Swap option: Vialone Nano is a traditional, medium-grain rice use to make this dish. However, if you can't find it, you may use another variety of starchy rice such as Carnaroli or arborio.
Preparation
1.Fill a large stockpot with 6¼ cups of water. Add some of the shelled pods, just enough for them to be submerged, and discard the rest. Bring the water to a boil and then immediately turn down the heat to a simmer for 30 to 60 minutes, or until reduced by half.
2.Strain the pea liquid into a large bowl and discard the pods.
3.Pour the pea liquid back into the pot, add the stock and bring to a simmer.
4.Fill a medium-sized saucepan 3/4 of the way with water and bring to a boil. As soon as bubbles begin to break the surface, add 1 whole garlic clove and shelled peas. Cook for 4 minutes, or until the peas are soft. During the last minute of cooking, add 3 to 4 mint leaves. Remove the garlic and mint from the water and discard. Remove the peas from the water and transfer to a food processor. Add 1/8 teaspoon kosher salt, a handful of torn fresh mint leaves and 1/2 cup olive oil. Purée until smooth.
5.In a heavy-bottomed saucepan, melt 1 tablespoon plus 1 teaspoon butter and 2 tablespoons olive oil. Add shallots and 1 chopped garlic clove, sautéing until the onion is translucent and the garlic softens, about 3 minutes. Add rice and stir, until the grains start to turn translucent, about 3 minutes. Increase the heat to medium-high, add vermouth and cook for 3 to 4 minutes. Add 1 ladleful of stock and cook, stirring constantly, until most of the liquid has been absorbed.

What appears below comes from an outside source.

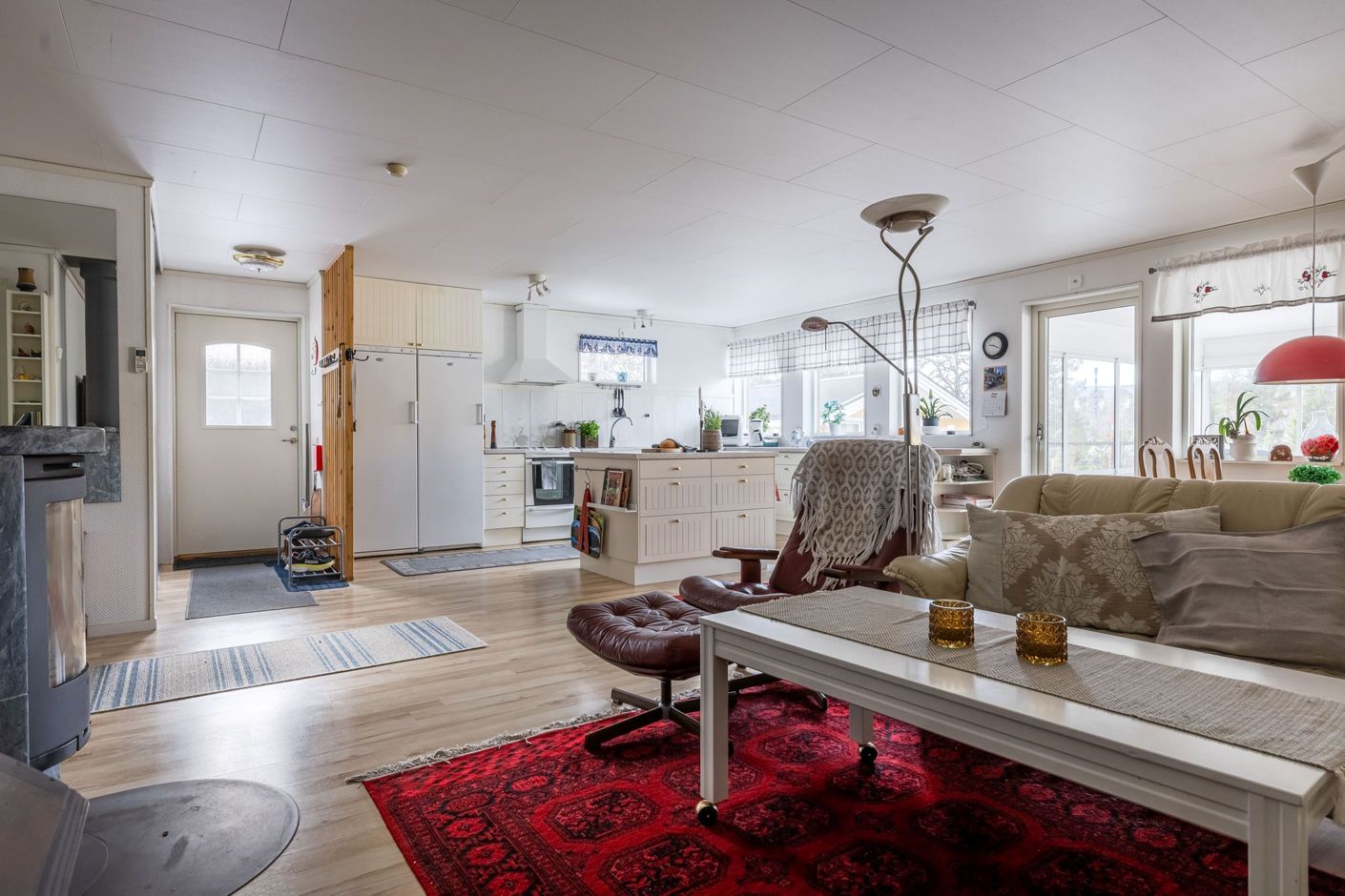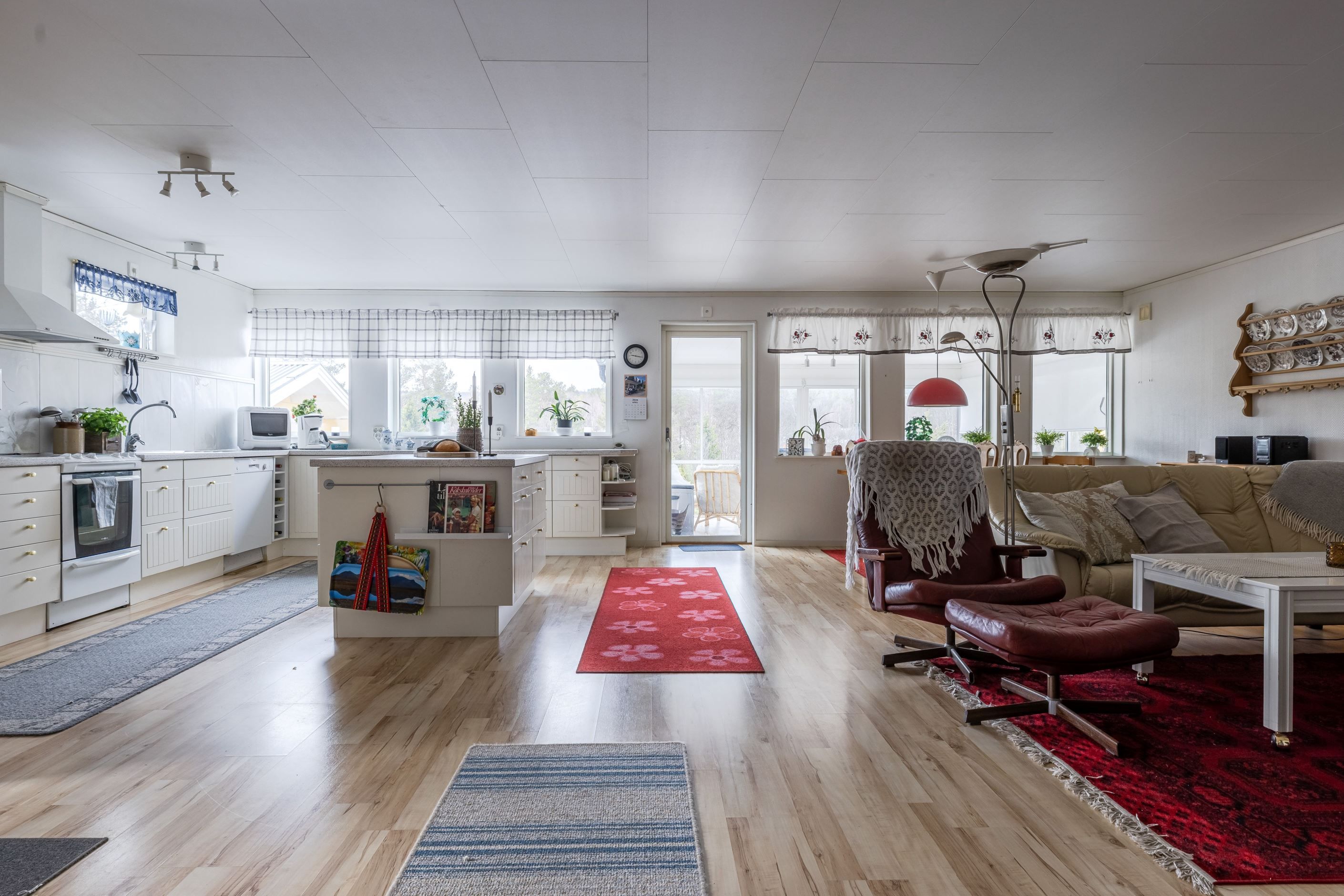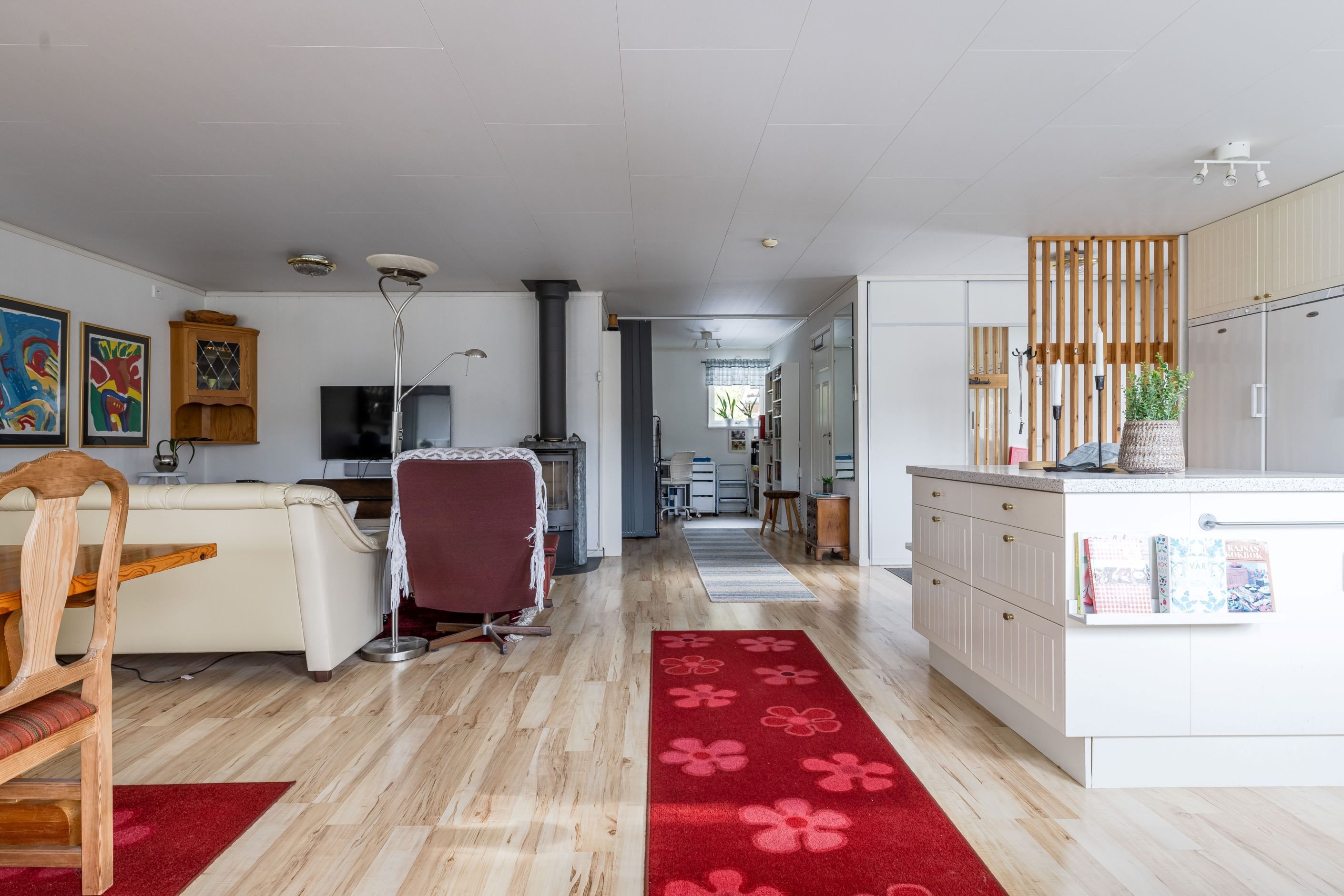 Köket är funktionellt och välplanerat med bra arbetsytor och förvaring – en plats där det är enkelt att laga allt från snabba måltider till långa middagar med vänner och familj. Intill allrummet skapas en öppen social yta där samtalen får fortsätta medan maten förbereds.

Add remaining raw peas, plus more stock, and repeat until rice is tender and has absorbed most of the stock (you may not need to use all of it).
6.To serve, stir in Parmesan cheese, remaining butter and pea purée. Cover and rest for 5 minutes. Season to taste. Divide risotto among shallow bowls and top with fresh mint leaves and a drizzle of olive oil.